Pensei em oferecer a Augusto a minha chácara em
Botafogo; embora fosse distante, era um lugar de ares limpos, silencioso,
Esther poderia caminhar pela areia da praia, respirando sal ou tomar banhos no
mar prescritos por um médico; poderia assistir às corridas de cavalos, às
regatas na baía; ou ver América Vespúcia escalando a pedra do Pão de Açúcar. Na
casa havia muitos quartos vagos, onde o casal se poderia acomodar. Tenho até
hoje a impressão de que ele se magoou por eu nunca lhe ter oferecido um pouso
em minha casa, mas como poderia eu dizer-lhe que morava com Camila? Muitas
vezes pensei em mandar Camila embora para poder acolher Augusto em minha casa,
mas nunca tive coragem. Cheguei perversamente a desejar que ela morresse, era a
única maneira de me libertar dela. De qualquer forma, Augusto jamais falou,
directa ou indirectamente, sobre este assunto.

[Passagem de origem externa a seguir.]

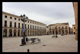Plaza Mayor de la Villa delimitada en su fachada oeste por la casa consistorial cuyo origen se remonta al siglo XVI, conservando tres arcos centrales del siglo XVIII.En sus orígenes fue una plaza gótica de planta triangular, formada por la Colegiata y Palacio Arzobispal en sus lados, y edificio administrativo en la base.

Responsabilidades pesadas me abarrotam a alma, ele
disse, e, como um amálgama negro, engendram em mim uma tristeza malsinada. A
nomeaçãozinha no Ginásio Nacional veio sanear um pouco o meu abalado território
cerebral. Perguntei-lhe então por que não voltava para a Paraíba, e se ainda se
sentia vítima de uma desilusão na sua própria terra, como ele mesmo me dissera
ao partir, após perder a sua queda-de-braço com o Joque. Ele reflectiu
longamente, tão longamente que se perdeu nos seus pensamentos e se esqueceu da
minha pergunta, que ficou sem resposta. Mas eu sabia a resposta. Além de ter um
inabalável senso de justiça, Augusto queria ser tratado como o filho dilecto,
mesmo fora de casa, mesmo longe do engenho, mesmo por quem não era seu pai ou
sua mãe. Castigava com a sua ausência os que não o cortejavam, como se fosse a
pior das punições. E era. Quem um dia vivera perto de Augusto sofria a sua
falta. A Paraíba tornou-se o fim do mundo após a partida de Augusto. Poucas
semanas depois de me despedir dele no porto em Cabedelo, peguei o mesmo vapor e
vim morar no Rio de Janeiro». In Ana Miranda, A Última Quimera, Companhia
das Letras, 1995, ISBN 857-164-454-3.